WHAT IS NEEDED
Using the records that follow, reproduce exactly the lines starting at the line containing "ソニーストアさん、全体ではミッドレンジモデルの「Xperia 10 VII」がこんなにも人気だったんですね!?" and ending at the line containing "No obstante a". Include both end lines and no pictures.

(Stored dataset items)
++++

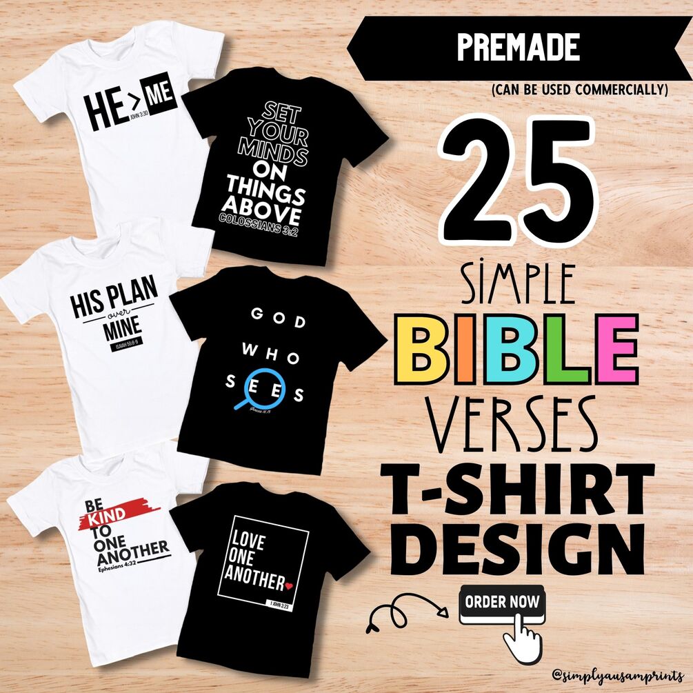 25 PREMADE T-shirt Christian Bible Verse Designs
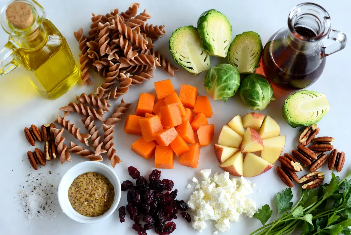 - In a large mixing bowl, combine the cooled pasta, roasted butternut squash and Brussels sprouts, diced apple, dried cranberries, and chopped pecans.
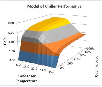 圖3曲線的主要特征是當冷凝器溫度升高超過30°C時,當冷卻負荷接近100%時,能效比急劇下降。在圖3中的冷水機組的復(fù)雜性是一個單一的子系統(tǒng)組件中集中了各種數(shù)據(jù)中心的關(guān)鍵組件,這些組件的設(shè)備中的功率和熱量的分布之間相互作用。例如,制冷機組在冷卻負荷時從配電板或面板的電源進行供電,表示機械裝置和電氣裝置之間的相互作用。
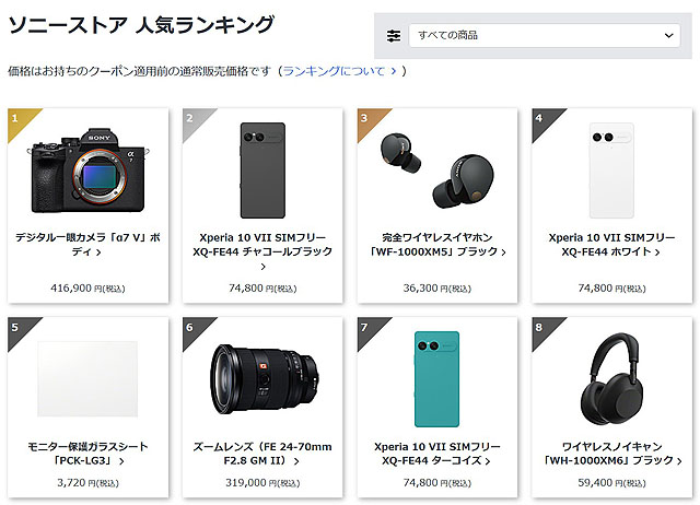 ソニーストアさん、全体ではミッドレンジモデルの「Xperia 10 VII」がこんなにも人気だったんですね!? 当店では「Xperia 1 VII」の方が数倍の人気になっていて、そこだけ違いを感じるものの「α7 V」が圧倒的な人気になっていたり、レンズでは「SEL2470GM2」が今月は大ブレイクしていたりするのは一緒です。
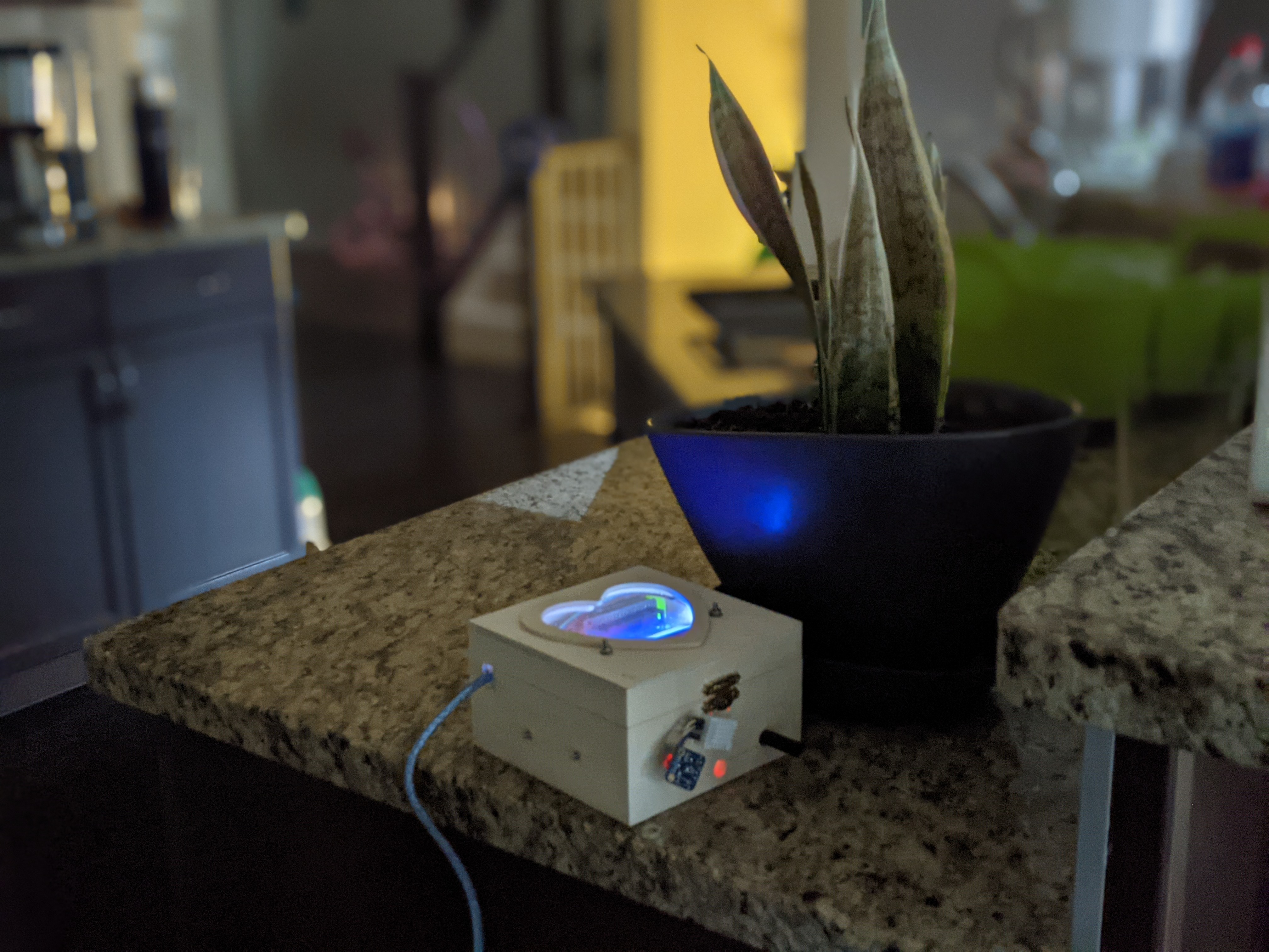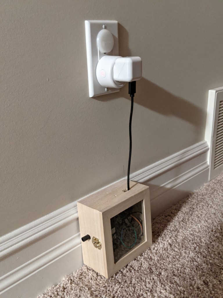 An example setup. The sensor is connected to a standard USB charger powered by a smart plug. The smart plug allows the research team to reboot the sensor remotely.
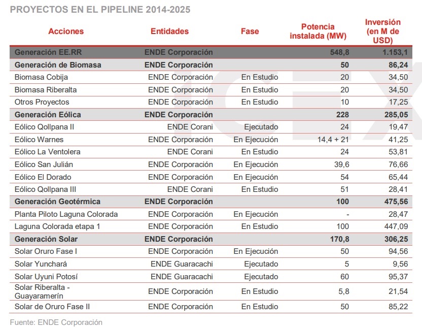 No obstante a ello, el Gobierno ha manifestado que diversificará su matriz eléctrica. Lo haría a través de su Plan Eléctrico del Estado Plurinacional de Bolivia – 2025. Este programa contempla el avance de proyectos (en diferentes etapas) por 548 MW de energías renovables, a través de una inversión de 1.153,1 millones de dólares.
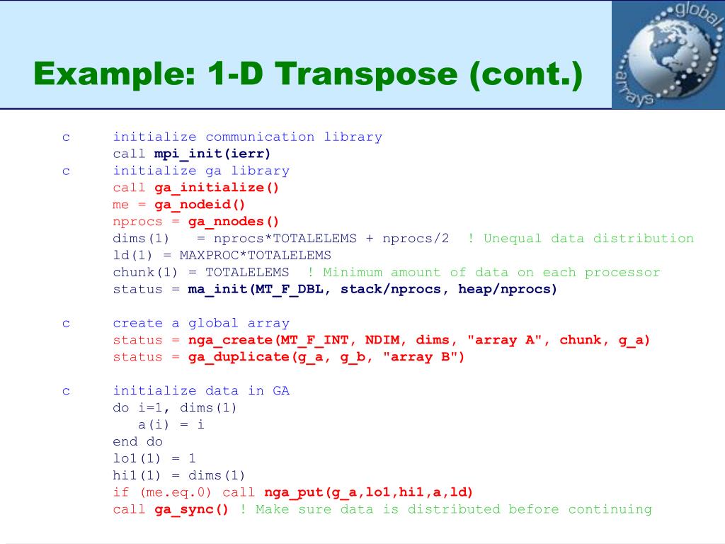 Example: 1-D Transpose (cont.) #define NDIM 1 #define TOTALELEMS 197 #define MAXPROC 128 program main implicit none #include "mafdecls.fh" #include "global.fh" integer dims(3), chunk(3), nprocs, me, i, lo(3), hi(3), lo1(3) integer hi1(3), lo2(3), hi2(3), ld(3), nelem integer g_a, g_b, a(MAXPROC*TOTALELEMS), b(MAXPROC*TOTALELEMS) integer heap, stack, ichk, ierr logical status heap = 300000 stack = 300000

++++

WRITTEN ANSWER
 ソニーストアさん、全体ではミッドレンジモデルの「Xperia 10 VII」がこんなにも人気だったんですね!? 当店では「Xperia 1 VII」の方が数倍の人気になっていて、そこだけ違いを感じるものの「α7 V」が圧倒的な人気になっていたり、レンズでは「SEL2470GM2」が今月は大ブレイクしていたりするのは一緒です。
 An example setup. The sensor is connected to a standard USB charger powered by a smart plug. The smart plug allows the research team to reboot the sensor remotely.
 No obstante a ello, el Gobierno ha manifestado que diversificará su matriz eléctrica. Lo haría a través de su Plan Eléctrico del Estado Plurinacional de Bolivia – 2025. Este programa contempla el avance de proyectos (en diferentes etapas) por 548 MW de energías renovables, a través de una inversión de 1.153,1 millones de dólares.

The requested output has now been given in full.